The Independent Variable in our experiment (input/cause) is the mutation and experiment, while the dependent variable (output/effect) is the size, color, texture, angles, and missing parts of our final plants. We can be confident in our results because of our controlled variables, as well as the number of trials. Since we have 6 different plants, they are considered to be 6 different trials. Our media partners also have 6 different trials (plants) done basically the same as ours (controlled variables may differ from ours) that we can compare to ours to increase our trial number to 12.
Results
To view all of our data collection click here
To view our photo gallery of the plants taken each day we collected data, click here
Experiments on plants are commonly done throughout the world. A common example of experimentally modified plants are GMO’s (Genetically Modified Organisms) which are mainly found in crops. Scientist modify crops genome in order to improve the organism. For instance, plants that would normally die under certain situations/environments can be altered to survive them. This is not only beneficial to the plant, but it is to humans and animals as it rises the number of plants that can be consumed. If both animal and human populations continue to grow, the amount of food per person would drop drastically and we could even experience an international food shortage. However, if we can help ensure that every crop grown were to survive under stress conditions such as possible viruses and harsh/strange lighting conditions, we can better maintain the amount of food per person as the population continues to grow.

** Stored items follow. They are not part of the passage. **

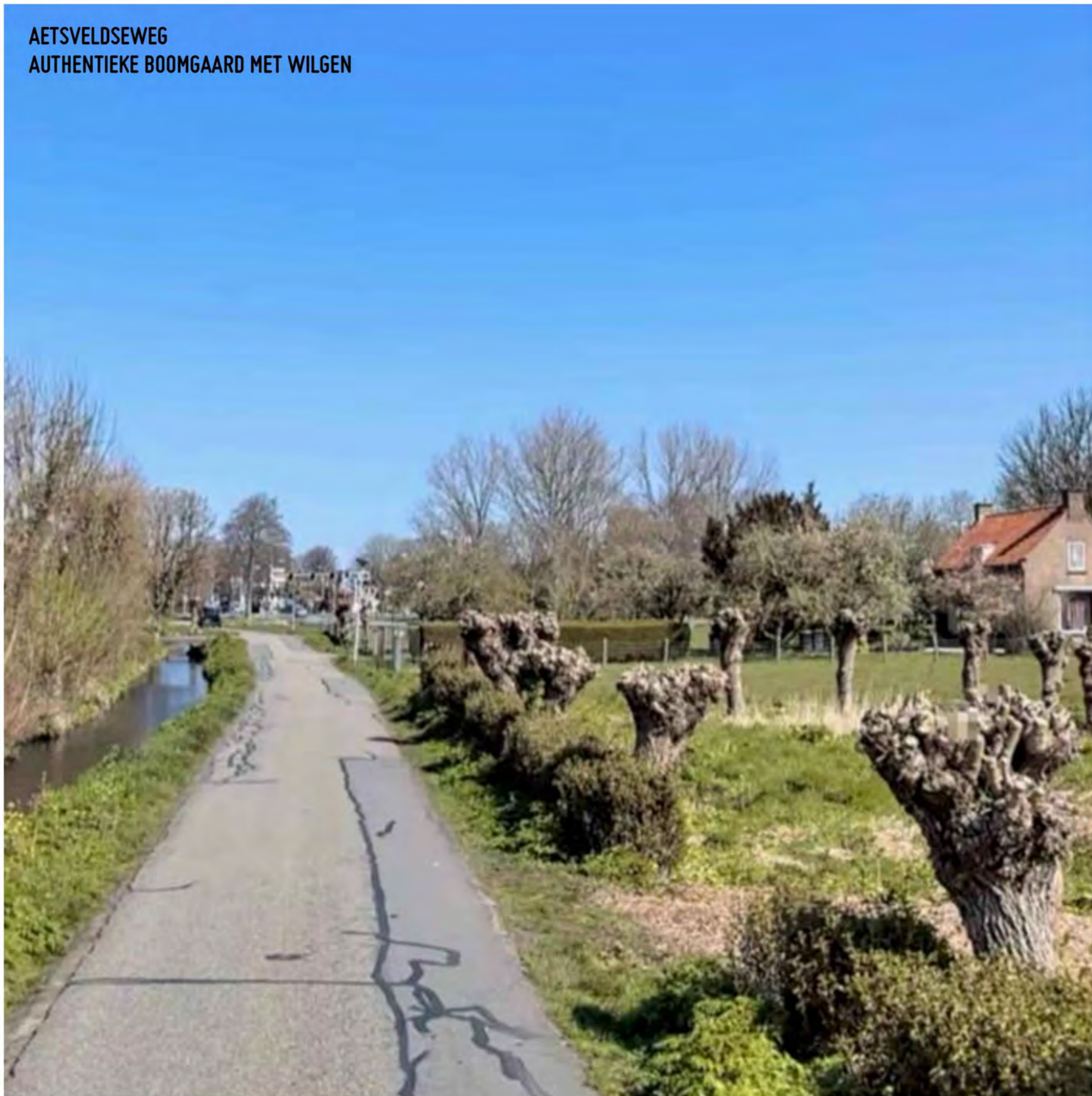
AETSVELDSEWEG AUTHENTIEKE BOOMGAARD MET WILGEN
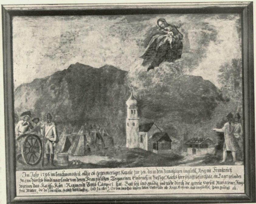
Das österreichische Lager von 1799. Nach einem Gemälde.
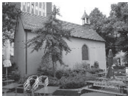
Die Siechenhauskapelle in Essen-Rützenscheid
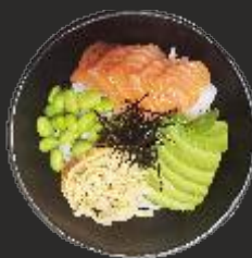
69 POKE SAKE GUNKAN
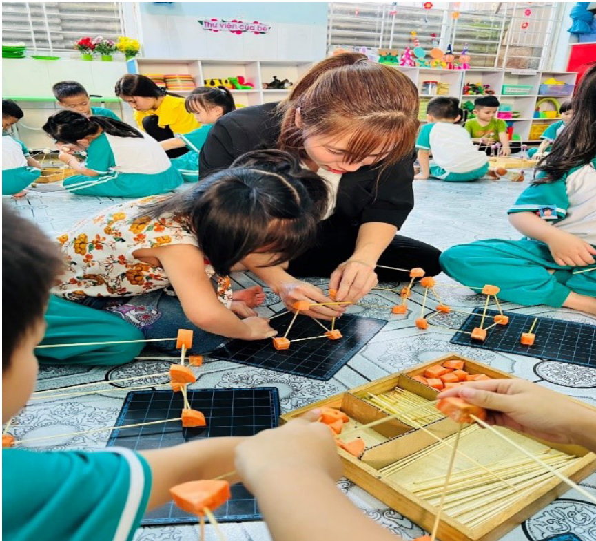
Cô và trò Trường mầm non Đại Lào trong một giờ học.

S inh thời chủ tịch Hồ Chí Minh từng nói: “Trẻ em như búp trên cành/ Biết ăn ngủ, biết học hành là ngoan”.
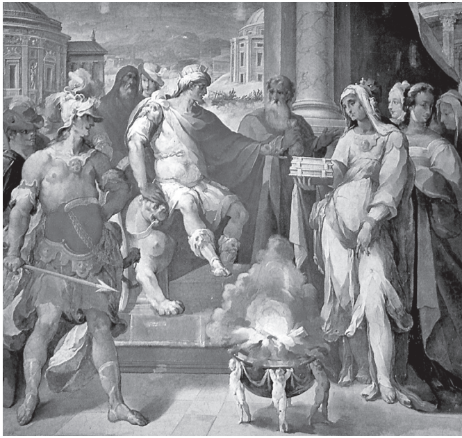
3. kép. „Miután az asszony a többi tűzbe vetette, Tarquinius Superbus három Sibylla-könyvet vásárol az eredeti áron.” Mint mindegyik képen, úgy itt is nem ókori tekercesek láthatók: a festők a kortárs könyvformátum segítségével jelenítik meg a példázatszerű antik történeteket. (A kép forrása: Piazzoni et al. 2010, 224.)
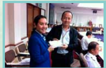
สอ.ทอท. พบสมาชิก ทำอากาศยานหาดใหญ่ เมื่อวันที่ 20-21 มกราคม 2557
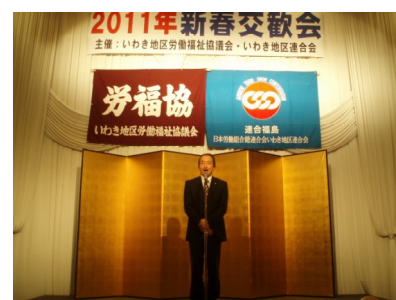
吉田泉衆議院議員の祝辞
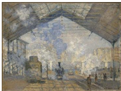
Claude Monet, La gare Saint-Lazare , 1877, Musée d'Orsay, Paris
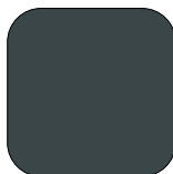
ANTHRACITE RAL 7016
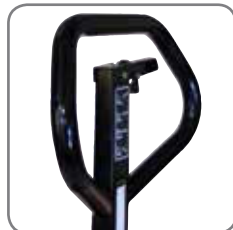
Die ergonomisch geformte Deichsel sorgt für einen entspannten Griff.
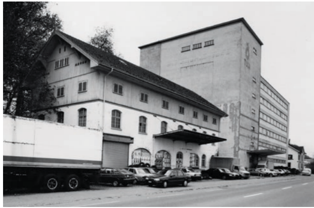
Steigmühle, 1999.
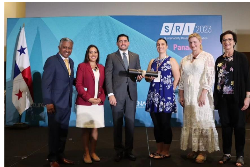
Congreso de Investigación e Innovación en Sostenibilidad 2023 (SRI2023)
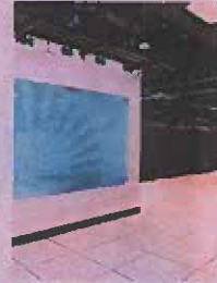
Centro de datos.

Se sitúa como la única entidad bancaria del sistema financiero nacional en contar con ambos centros de datos certificados

One mutation that is responsible for helping plants survive unusual conditions is the chalcone synthase (CHS) mutation. CHS is a part of the genome that is often turned on to help the plant survive different stress conditions. Meaning that a CHS Mutated plant should be able to protect itself when introduced to a virus, or other stressful conditions.
In our attempt to increase our understanding of the ways the CHS mutation can be used as a defensive system for the plant, we decided we will be using a wild type (non-altered), and a CHS Mutated type of the plant Arabidopsis. Arabidopsis is commonly used in experiments as it has many advantages for genome analysis such as: a short generation time, small size, large number of offspring, and a relatively small nuclear genome. These advantages promote the experiment as we can receive results quickly and easily.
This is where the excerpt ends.